Free Form Fibers (FFF) is a Saratoga Springs, New York, small manufacturer making high-value, inorganic, high-purity ceramic fibers and materials through a laser-driven chemical vapor deposition (LCVD) process it has been developing for 15 years. FFF has primarily operated as an R&D operation since its founding in 2006. Since 2010 it has received 13 Small Business Innovation Research (SBIR) grants totaling $5.8 million from the U.S. Department of Energy, National Science Foundation, NASA and Army. Its high-performance materials have applications in aerospace, semiconductors and energy. As the company shifts to commercialization its payroll has grown from seven in March 2020 to 12.

The Challenge

In early 2020, FFF began taking steps to scale up production of its high-performance ceramic fibers. “We needed to make the big step to go from R&D scale to manufacturing scale,” said FFF CEO Shay Harrison. To help FFF prepare Harrison called on the Center for Economic Growth’s (CEG) Business Growth Solutions (BGS) unit, part of the New York MEP and the MEP National Network™, to lead a prescriptive value stream mapping project. The overall goal of this project was to plan for the ramp up of production to achieve time and motion efficiency.

Free Form Fibers’ commercialization plans are now stronger because of the insights the Center for Economic Growth helped us gain through the value stream mapping process. From our growth as an R&D firm to our shift toward commercialization, CEG has helped us unlock value in the company and we will continue to rely on CEG’s expertise as we further scale up. 

— Shay Harrison, CEO of Free Form Fibers

MEP’s Role

FFF operates in an old cereal manufacturing building in the Grande Industrial Park. As part of its scaling up effort, FFF moved its LCVD production equipment to a compact space: a 1,000-square-foot room previously used as a machine shop. Tom Bell, CEG BGS’s director of technical services, led the value stream mapping project. FFF’s CEO had worked with Bell years earlier while Harrison worked as the director of research and development of Blasch Precision Ceramics in Menands.
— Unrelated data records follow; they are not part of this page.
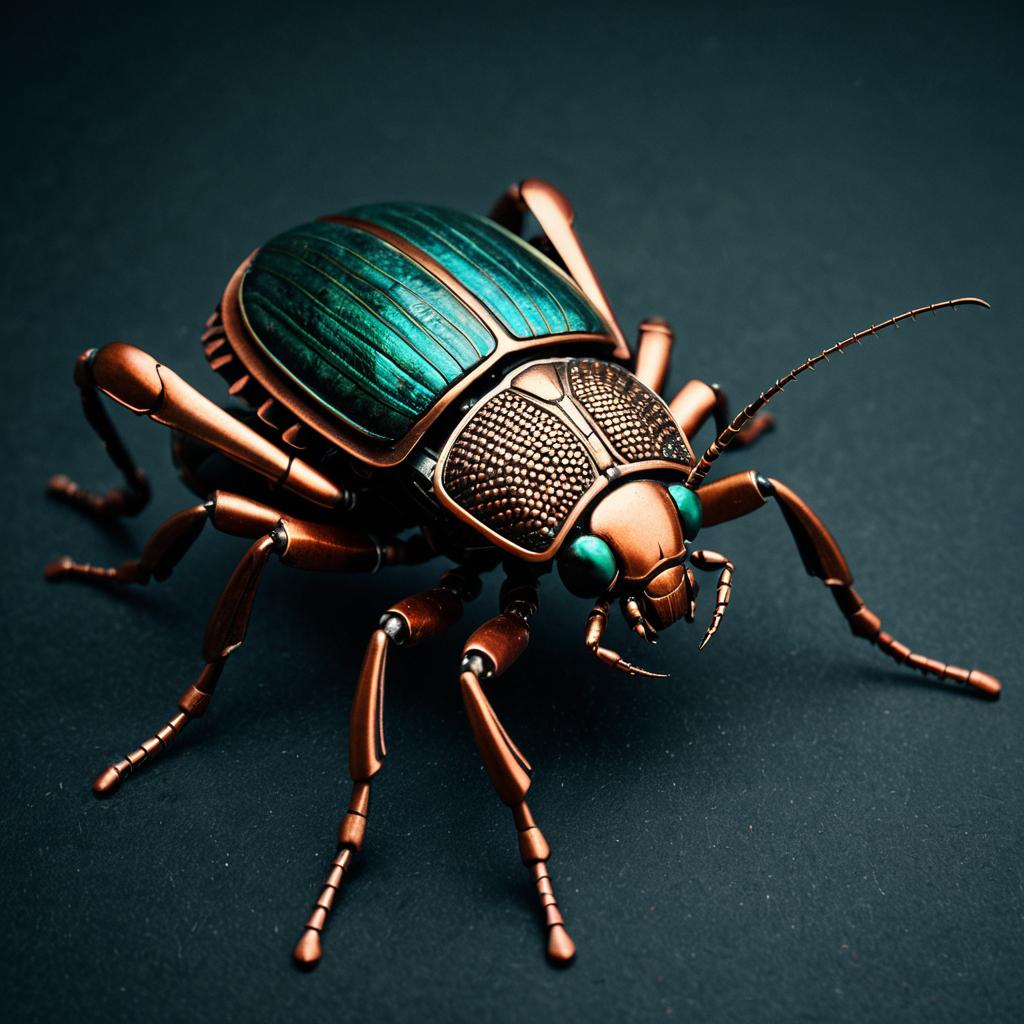A mechanical insectoid with a copper and dark bronze color palette, based on scarab beetles, showcasing an exotic design and intricate scales.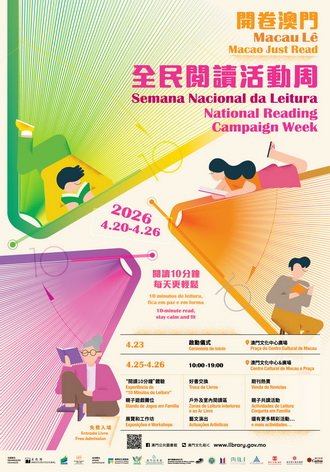 更多活動詳情將陸續公佈,部分活動亦將透過一戶通接受報名,費用全免。活動資訊可瀏覽文化局公共圖書館網頁(www.library.gov.mo/nationalreadingcampaignweek)或我家圖書館手機應用程式,也可於櫃檯服務時間致電856 7576或2884 3105。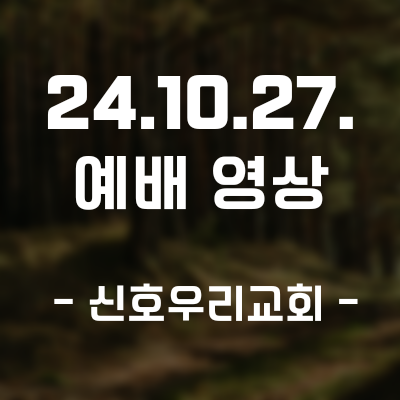 24년 예배 영상 241027 알 수 없는 사용자 2024. 10. 27. 12:30 공유하기 게시글 관리 신호우리교회 '24년 예배 영상' 카테고리의 다른 글 241103 (0) 2024.11.03 241013 (0) 2024.10.13 241006 (0) 2024.10.10 240929 (0) 2024.09.29 240922 (0) 2024.09.26 '24년 예배 영상' Related Articles 241103 241013 241006 240929
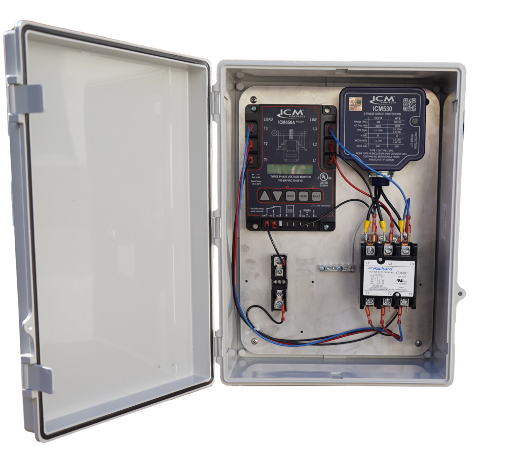 The 3VMS combines the benefits of the ICM450A PLUS+ programmable 3-phase line voltage monitor and a ICM530 type 1 and type 2 three-phase Surge Protective Device (SPD) into one easy-to-install solution. The 3VMS protects against both power surges and over/ under voltage issues that can cause damage to circuit boards and motors in residential and commercial three-phase 208VAC HVAC/R equipment.- All Components pre-wired for 208VAC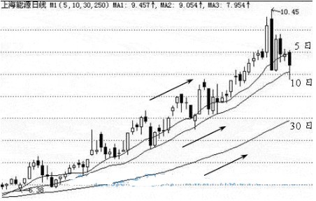(2)、在涨势的初期,指5日(或者短期)均线上穿10日(或者中期)均线和30日(或者长期)均线,中期均线上穿长期均线交叉形成的一个尖头向上的三角形。该图形技术含义为见底信号。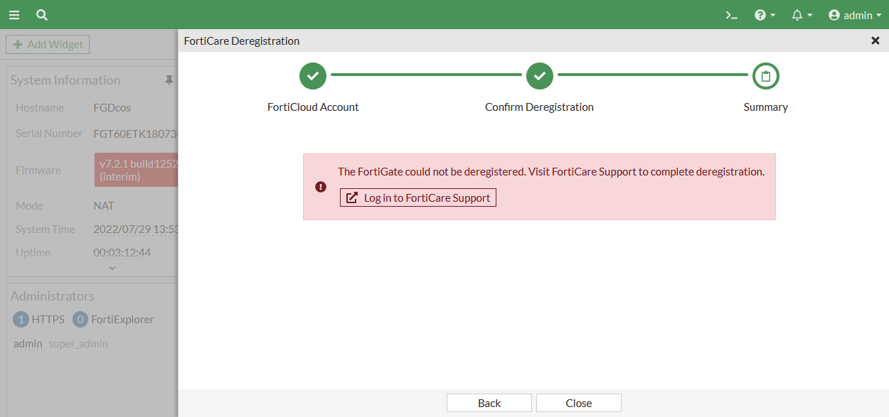 forticare_product_deregister:1335: Failed to get response (rc = 0, http_code = 403) Unit deregistration unsuccessful.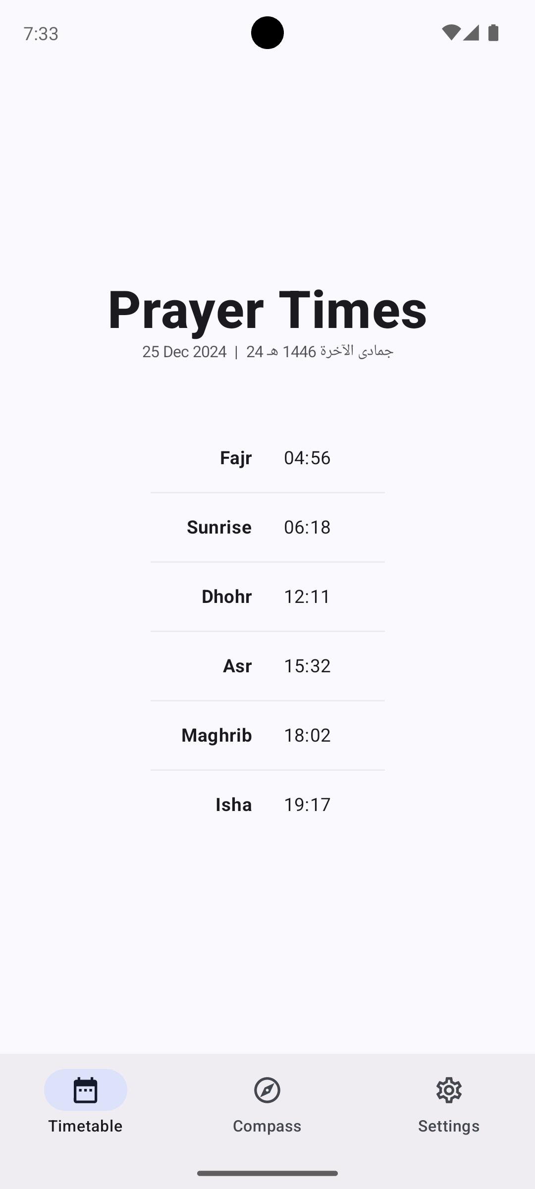 Aplikasi minimum yang menunjukkan jadual waktu solat Islam pada hari itu. Jadual waktu yang tepat, saiz muat turun yang kecil dan Tiada IKLAN! Apl ini adalah sumber terbuka, semak repositori GitHub untuk mendapatkan maklumat lanjut dan untuk menyumbang kod.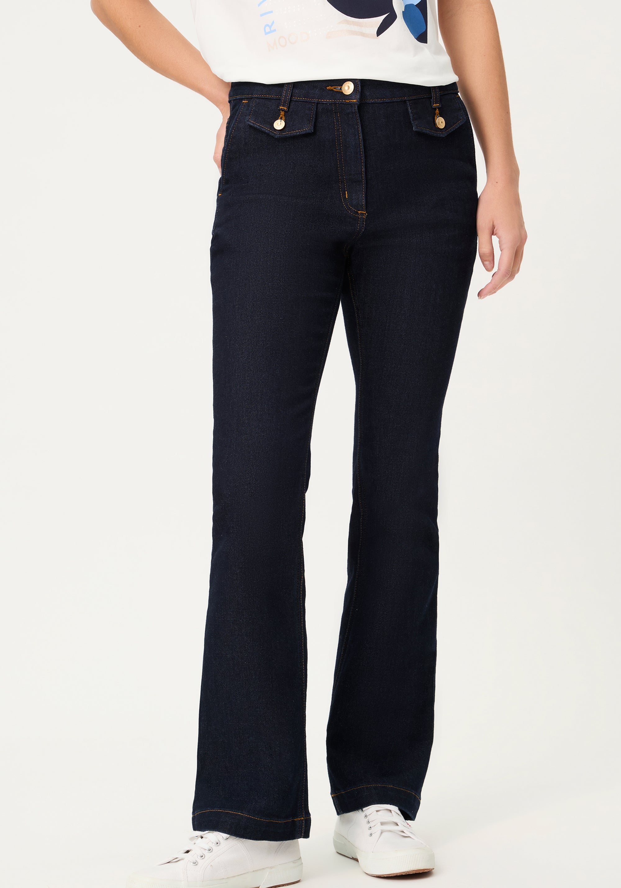 A polished denim essential, these jeans offer a feminine silhouette with a modern bootcut shape that elevates everyday dressing.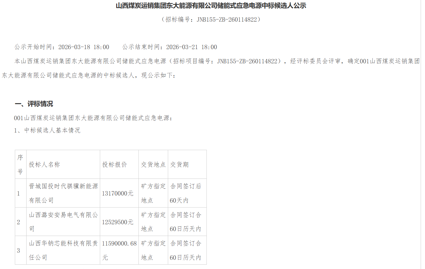北极星储能网获悉,3月18日,山西煤炭运销集团东大能源有限公司发布储能式应急电源中标候选人公示,共有3个中标候选人,包括晋城国投时代骐骥新能源有限公司,投标报价13170000元,约合单价1.0975元/Wh;山西潞安安易电气有限公司,投标报价12529500元,约合单价1.044元/Wh;山西华钠芯能科技有限责任公司,投标报价11590000.68元,约合单价0.966元/Wh。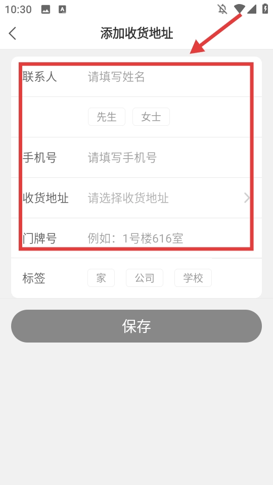 在收货地址添加页面,依次填写联系人姓名、手机号码、具体收货地址以及门牌号等相关信息后,点击【保存】按钮,即可完成收货地址的添加操作。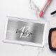 Glam Silver Brushed Metal Black White Monogram Business Card Case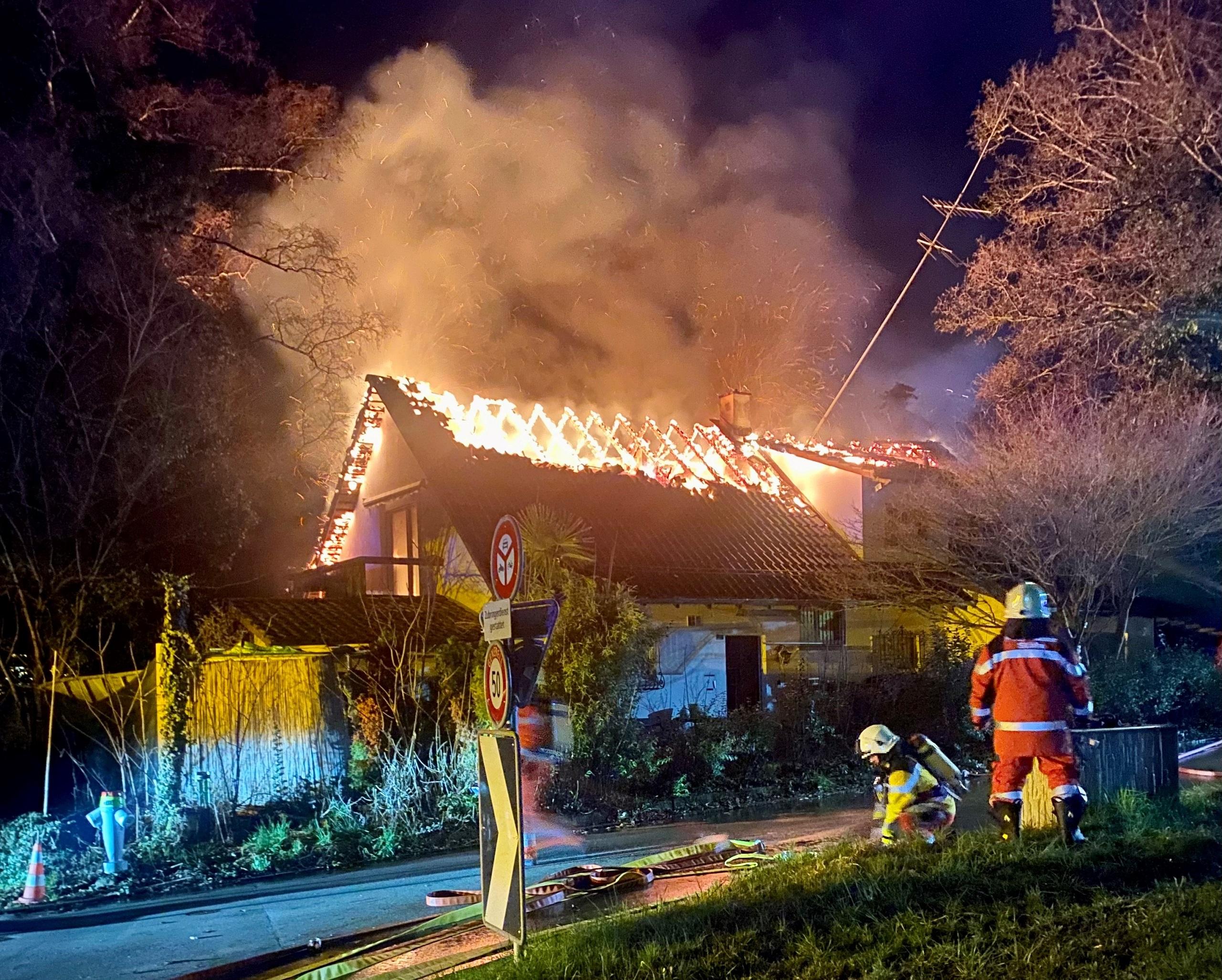 Um circa 22 Uhr ging bei der Einsatzzentrale von Schutz & Rettung Zürich die Meldung ein, dass der Dachstock eines Einfamilienhauses brennen würde. Beim Eintreffen der Feuerwehr befand sich die einzige anwesende Bewohnerin bereits im Freien. Verletzt wurde niemand. Die Löschkräfte hatten den Brand schnell unter Kontrolle. Die Löscharbeiten dauern jedoch noch an und gestalten sich wegen der Bauart des Gebäudes schwierig. Das Haus ist nicht mehr bewohnbar. Der Sachschaden beträgt mehrere Hunderttausend Franken.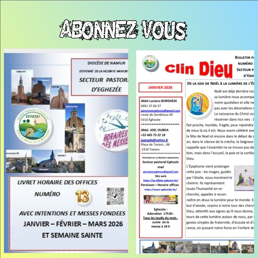 Le BULLETIN PAROISSIAL (ClinDieu) de JANVIER 2026 ainsi que le livret Horaire offices et intentions de messe du 1er trimestre 2026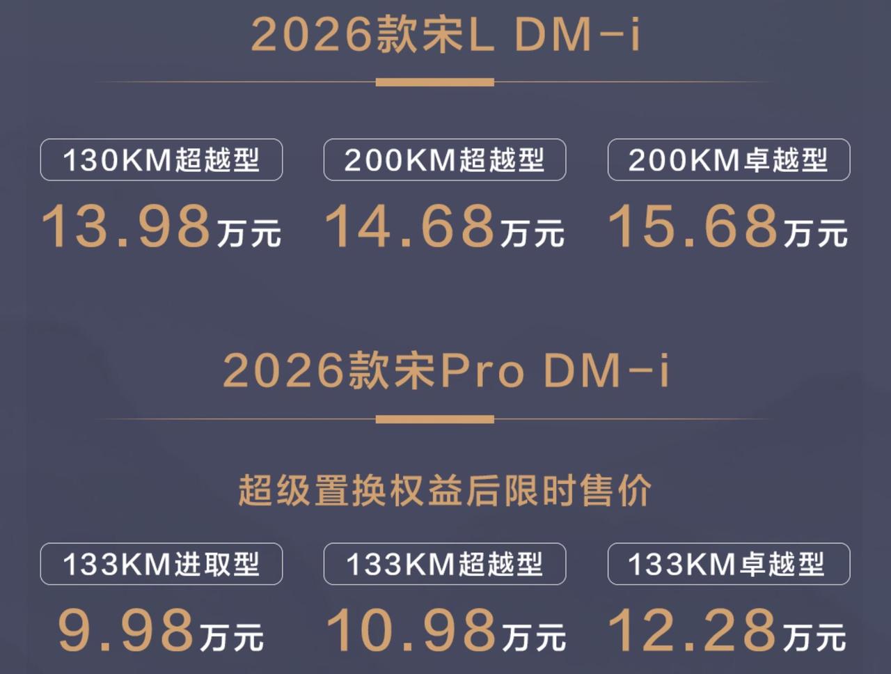 比亚迪这波操作,可以说是精准狙击——秦L、宋Pro、宋L同时上新,全系拉长续航、价格压得死死的。 宋Pro 133km 续航卖 9.98 万,宋L 130km 卖 13.98 万,秦L 128km 9.68 万。你会发现,比亚迪在混动市场上已经不是“求稳”,而是“求量”。 为什么这么说?因为明年购置税优惠政策卡得很死——只有WLTC纯电续航100km以上的车才能享受。而比亚迪现在几乎全系都达标,这波提前升级,明显是在为2025的销量铺路。 我上次试秦L的时候印象特别深,油门轻轻一点,发动机都懒得起床。亏电油耗也能压到5个多,关键底盘和隔音都比老款更像台家用轿车而不是“电混版出租”。这才是走量车该有的底子。 反观吉利,现在还在用8.5度的小电池,WLTC也就六七十公里,看着不差,实际上政策一收紧就吃亏。 明年要想混得好,不是拼智驾,也不是拼颜值,而是拼谁能跑到100公里以上。

The FFF team is now designing the next step-up production system in which the company will increase its throughput by six-fold at full buildout. Bell worked closely with FFF’s production manager and co-founder, Ram Goduguchinta, to understand and refine the system and ensure production was at the highest level of efficiency prior to the ramp.

One insight that resulted from the value stream mapping process centered on an access point for one of the heads on the LCVD tool. Bell noted that the existing access point would pose challenges for a technician trying to test or manually access materials produced. He recommended the heads be redesigned in a way so a technician could easily access them. Bell also mapped out where in the manufacturing process quality checks should be performed. “Tom was very insightful about what data you need to capture and when,” Henderson said.